More than one way to ‘make it’ in music: Singaporean composer on … – CNA

“And if you had no music, just some low notes going on in the background, it’s very unsettling. That might illuminate that somebody has hidden intentions.” 

When music is used to highlight hidden context, “you’re not meant to notice the music and then think about it”, he added. “It’s supposed to go straight to your amygdala and then you instinctively realise something’s going on here (in the scene).” 

A similar understanding applies to commercials, where music can be used to tap into a psychological desire. For example, cars that are marketed to men “tend to use heavy rock guitar, because for a long time, the guitar was a very gendered instrument”, said Mr Li. 

“So when you hear it, you think of (the car) as being masculine. And men who want to feel masculine might gravitate towards that. So it’s a matter of understanding your audience.”  

But pinpointing the perfect track often requires asking a lot of questions because then clients are “forced to clarify their needs and intent”, he added. 

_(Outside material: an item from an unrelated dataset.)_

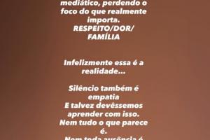 也许我们应该从中学习。并非所有的表象都是真相,并非所有的缺席都是不敬,并非所有的在场都是支持。我在谈论的是痛苦,而不是聚光灯。我知道普通人很难理解,我不会再多说了。”

“If they say they want it to sound upbeat, there are many styles of music that are upbeat. That’s not specific enough for me. Do you mean upbeat in the sense of playful? Do you mean upbeat in the sense of high energy like we’re having a party? And if we’re having a party, is it the kind where you have a mosh pit or where you’re partying in a nightclub?” he explained. 

“Asking those questions helps me to narrow down the style, the energy, the instrumentation.” 

Mr Li didn’t always ask many questions, however. He highlighted one of his first few advertising projects – a Kinder Bueno TV commercial that was a remake of its original version – where he felt the brief was “possibly incorrect or not ideal”. Nothing he tried felt right, so he submitted two soundtracks in the end. 

The first was a demo of house music based on their brief, while the second was “based on my understanding of what the video was conveying”. 

While doing his research, Mr Li realised there was “Latin influence” in the music for the original version of the commercial. It added to the sensual undertones of the commercial, which depicted a girl enjoying her Kinder Bueno chocolate bar while other shoppers looked on. 

“It was kind of voyeuristic … There was something inherently, shall we say, passionate about that. So I decided to incorporate more Latin influences and used tango instead, which was nothing like (the brief) they had sent me. And they ended up going for it,” he said. 

The experience taught him that “sometimes, you have to think really hard about what the client actually needs rather than what they tell you”, he added.  

“Because if you just do what they tell you, I’ve learned that that’s a recipe for a lot of frustration, because they’re also relying on you for your interpretation and expertise. You’re not just a factory.”